Max Liebermann

Berlin 1847-1935

Liebermann was a Jewish German artist of great importance. He studied philosophy and art in Berlin, art in Weimar and Paris where he lived until 1878. He then moved to Munich until 1884 when he and his family returned to Berlin.

In 1889 Liebermann organises a non-official participation of German artists at the Paris World Exhibition (because the Kaiser did not allow an official participation).

Liebermann participated at one of the Paris “Salons” and adopts a French style of painting. He publishes a study of the Edgar Degas’ work in the Journal Pan.

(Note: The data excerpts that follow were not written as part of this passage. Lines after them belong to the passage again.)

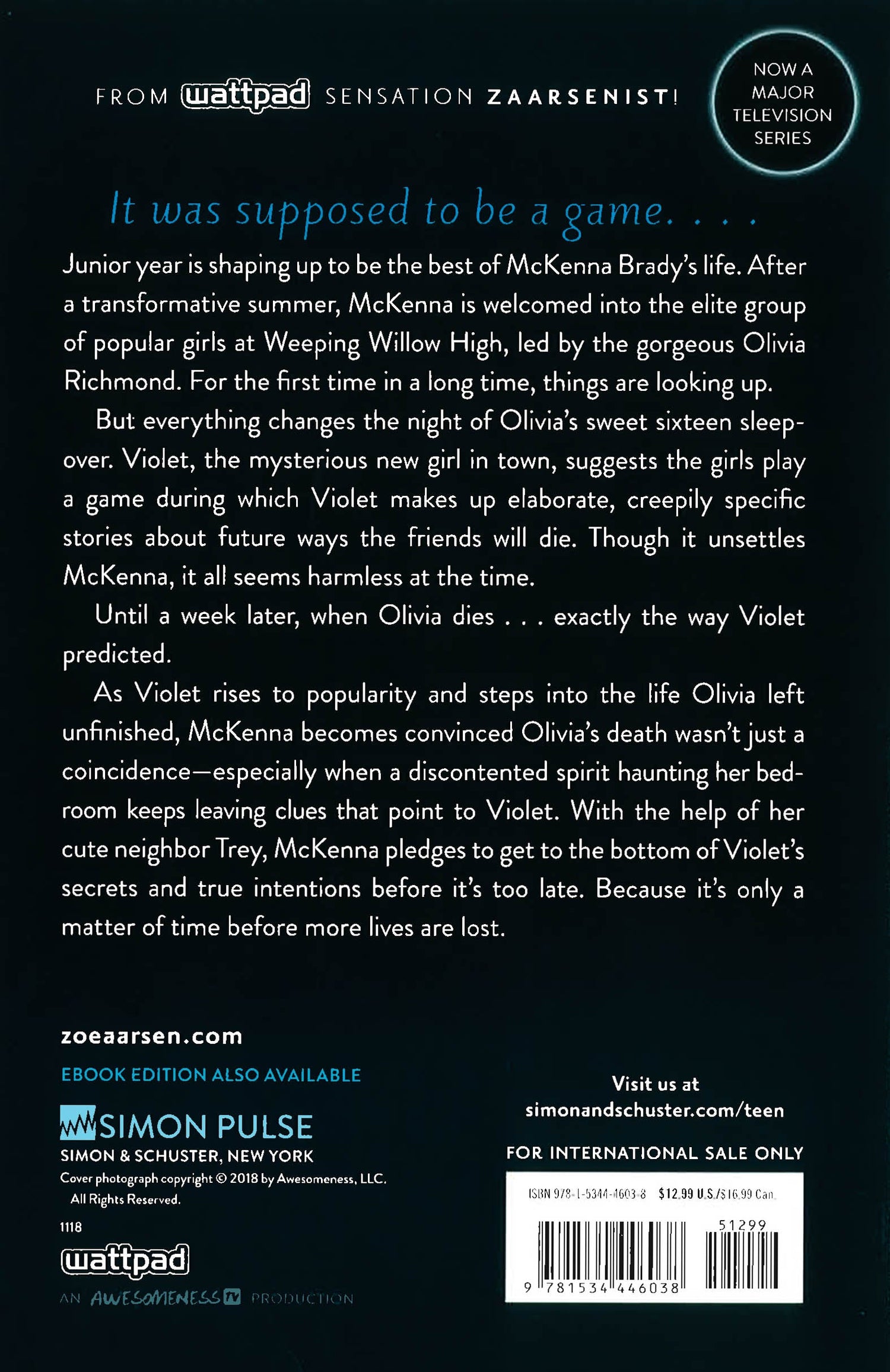 Riverdale meets Final Destination in this fast-paced and deliciously creepy novel about an innocent game that turns deadly at a high school sleepover.It was supposed to be a game... Junior year is shaping up to be the best of McKenna Brady's life. After a transformative summer, McKenna is welcomed into the elite group of popular girls at Weeping Willow High, led by the gorgeous Olivia Richmond. For the first time in a long time, things are looking up. But everything changes the night of Olivia's Sweet Sixteen sleepover. Violet, the mysterious new girl in town, suggests the girls play a game during which Violet makes up elaborate, creepily specific stories about the violent ways the friends will die. Though it unsettles McKenna, it all seems harmless at the time. Until a week later, when Olivia dies...exactly as Violet predicted. As Violet rises to popularity and steps into the life Olivia left unfinished, McKenna becomes convinced Olivia's death wasn't just a coincidence, especially when a ghost haunting her bedroom keeps leaving clues that point to Violet. With the help of her cute neighbor, Trey, McKenna pledges to get to the bottom of Violet's secrets and true intentions before it's too late. Because it's only a matter of time before more lives are lost.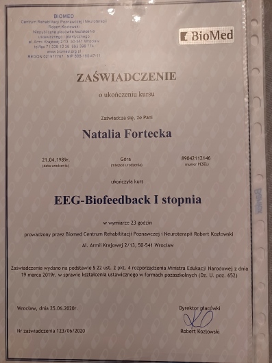- Szkolenie Biofeedback 1 i 2 stopnia,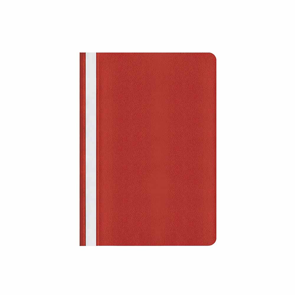 Skoroszyt wyposażony jest w wymienny, papierowy pasek do opisu, który ułatwia identyfikację zawartości. Dwa wycięcia umożliwiają szybkie i łatwe wysuwanie paska, co dodatkowo poprawia funkcjonalność. Zaokrąglone rogi obu okładek zwiększają komfort użytkowania i zapobiegają uszkodzeniom innych dokumentów.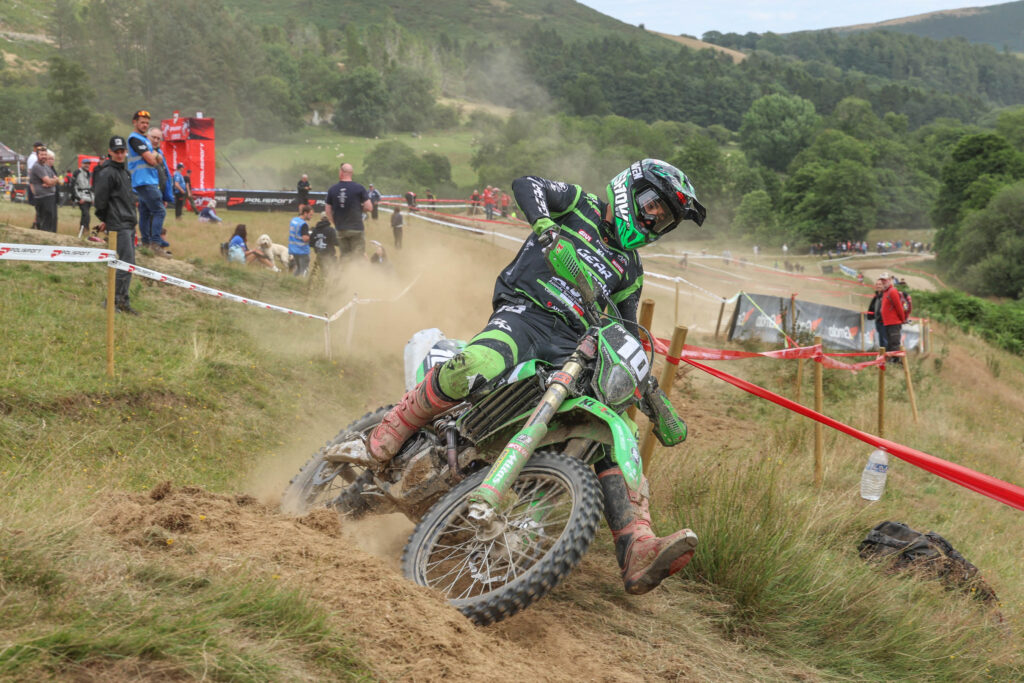 Ending lap one of three 13 seconds clear of GASGAS Factory Racing’s Andrea Verona in second, Garcia was determined to keep building on that advantage as riders began lap two. Again topping the POLISPORT Extreme Test, and then winning the GMOTO Enduro Test by two seconds over Verona, the Spaniard was now 20 seconds in front and edging closer to the day’s win. Winning the final POLISPORT Extreme Test, he managed his gap in the remaining two tests to seal victory on day one in Rhayader.

In 1898 he becomes Professor of the Royal Academy of Art in Berlin, where he has a solo Exhibition.

He is a member of the committee for the “Great Berlin Art Exhibition” in 1898 and recommends Kaethe Kollwitz and Walter Leistkow. He recommendation is rejected by the Kaiser.

Liebermann then founds and independent Art Association, the Berlin Secession.

Liebermann exhibits in the most prestigious museums and is elected President of Honour of the Prussian Academy of Arts in 1932.

1933 Liebermann is prohibited to work by the Nazis and publicly renounces his Presidency at the Academy of Arts.

Liebermann dies in Berlin in 1935.

Liebermann was a German artist of great importance and influence. His work is exhibited in Germany and internationally.